Google DeepMind's Pushmeet Kohli and Žiga Avsec introduce AlphaGenome Atlas, a queryable database of predicted effects for every possible single-nucleotide variant in the human genome. The AlphaGenome model pre-computed regulatory impact across about 9 billion single-letter changes into a 1-petabyte atlas, surfaced through a no-code portal and a single AlphaGenome Variant Impact (AVI) score spanning coding and non-coding regions. Early users at the Broad Institute and on UK Biobank data report faster rare-disease triage and more non-coding associations for complex traits such as BMI.

ideas

  • Map every possible letter change. Atlas stores pre-calculated AlphaGenome predictions for all ~9 billion single-nucleotide variants as a 1-petabyte regulatory-impact database researchers can query without re-running the model.
  • AVI collapses thousands of channels. One Variant Impact score combines coding and non-coding predictions so labs can prioritize candidates without scanning every molecular readout.
  • Rare disease gets a splice-site lead. At the Broad Institute, Laura Covill's team used AVI to highlight a DNM1 variant predicted to create an incorrect splice site and help close an unsolved case.
  • Complex traits gain non-coding signal. On 54,000+ UK Biobank participants, Gareth Hawkes grouped variants by predicted molecular effects, found 22% more non-coding associations, and linked 19 BMI regions from the top 1% of impactful variants.
  • Zero-code access is the distribution bet. A public website portal targets clinical researchers and biologists who will not write API clients, with a longer write-up on the Google DeepMind blog.

quotes

We used the AlphaGenome AI model to pre-calculate the regulatory impact of all 9 billion single-letter genetic changes

Pushmeet Kohli and Žiga Avsec, stating the atlas construction scale.

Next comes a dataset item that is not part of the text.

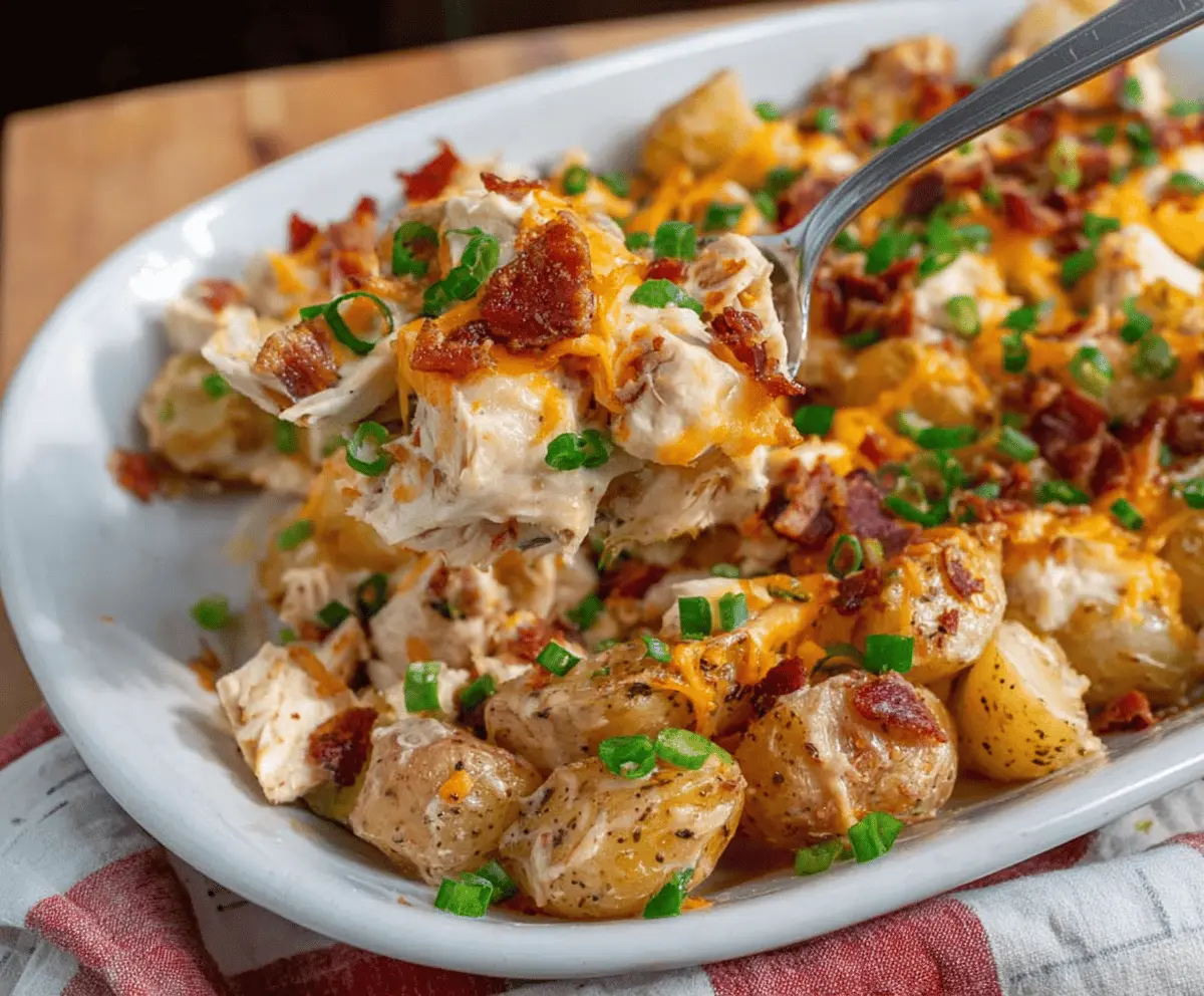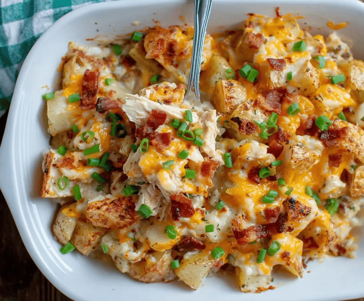 Once the potatoes are done, transfer them to a casserole dish. Add the chicken and ranch mixture on top of the potatoes and gently stir to combine everything evenly. Sprinkle the remaining cheddar cheese and crumbled bacon over the top. Bake the casserole, uncovered, for 15 to 20 minutes or until the cheese melts and turns bubbly.

This single, easy-to-use score combines predictions for both coding and non-coding regions

Pushmeet Kohli and Žiga Avsec, describing the AlphaGenome Variant Impact score.

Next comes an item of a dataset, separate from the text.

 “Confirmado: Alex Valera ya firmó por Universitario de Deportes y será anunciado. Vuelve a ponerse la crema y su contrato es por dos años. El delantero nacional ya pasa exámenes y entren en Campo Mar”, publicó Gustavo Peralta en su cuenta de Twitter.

By grouping variants based on predicted molecular effects, he uncovered 22% more non-coding genetic associations.

Pushmeet Kohli and Žiga Avsec, reporting Gareth Hawkes's UK Biobank result.

AlphaGenome Atlas provides grounded genomic insights that will accelerate the pace of biological discovery.

Pushmeet Kohli and Žiga Avsec, stating the launch claim.